BUENOS AIRES (JTA) — Google, Facebook and YouTube are successfully removing large percentages of the anti-Semitic content in Spanish from their platforms, a Buenos Aires-based watchdog has found.
The Web Observatory, or Observatorio Web — a joint initiative between the Latin American Jewish Congress, a regional branch of the World Jewish Congress; the DAIA political umbrella organization for Argentina’s Jewish community; and the AMIA Jewish community center — released a report Sept. 25 on the prevalence of online anti-Semitism in Spanish. In 2016, about 30% of Spanish-language online search results for the word “Jew” — “Judio” in Spanish — contained anti-Semitic content. That figure is now down to about 3%, the report finds.
The quantity of anti-Semitic content in the top 10 results of a Google search for the term alone has dropped by 50% over the past year.
Spanish is the second most popular language used on Facebook, and about 30% of the content mentioning Jews on the platform in Spanish involves anti-Semitism, the report found.
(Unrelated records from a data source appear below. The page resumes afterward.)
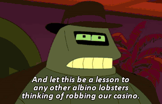 And let this be a lesson to any other albino lobsters thinking of robbing our casino.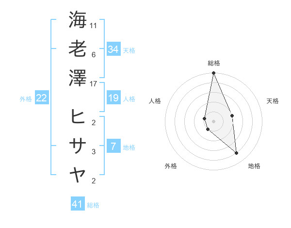 海老澤 ヒサヤさんを姓名の画数から五運を鑑定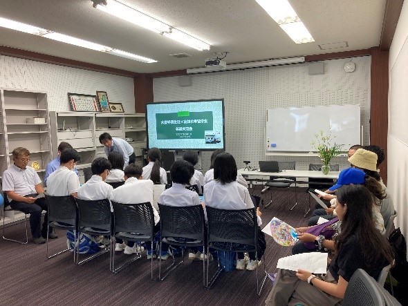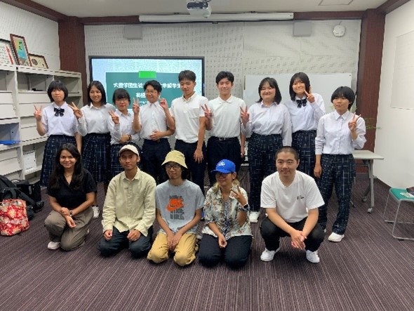 2025年7月10日(木)に、大豊町立大豊学園9年生(中学3年生)14人が実践的な英語教育の一環として高知大学を訪れ、本学の留学生5名と英語で交流しました。今回の活動は、本学の留学生との英語交流の経験により英語表現力を高める機会とするとともに、異文化に触れる経験を通して国際理解を深めるという目的で行われ、インドネシアから3名、ネパール、中国から各1名が交流会に参加しました。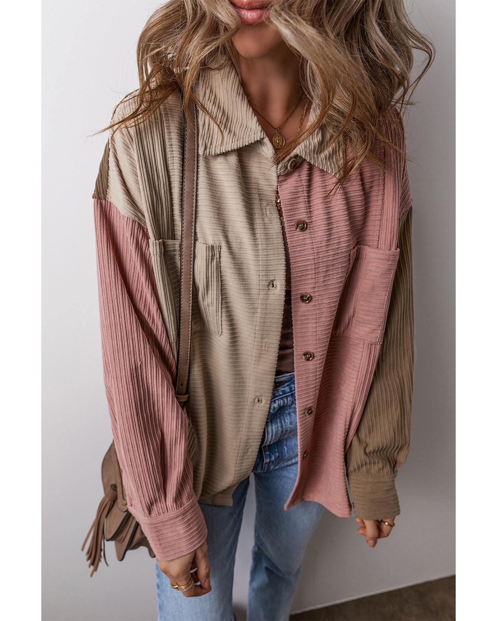 This mineral red color block shacket features a stylish design with functional chest pockets and a buttoned front, making it a versatile addition to your wardrobe. Crafted from warm and cozy corduroy fabric, it offers both comfort and retro flair, perfect for layering during cooler months.

Within the anti-Semitic content, about 65% of it involved the word “Zionism,” and about 40% involved the word “Israel.”
“Israel and Zionism are the vehicles for anti-Semitism online, this is a consolidated trend,” the report states.
In the case of YouTube, Observatorio Web identified 500 videos in Spanish espousing Holocaust denial, which YouTube has now taken down.
“The companies are starting to work against hate speech, but there is still a lot to do yet,” Obervatorio Web Director Ariel Siedler told the Jewish Telegraphic Agency.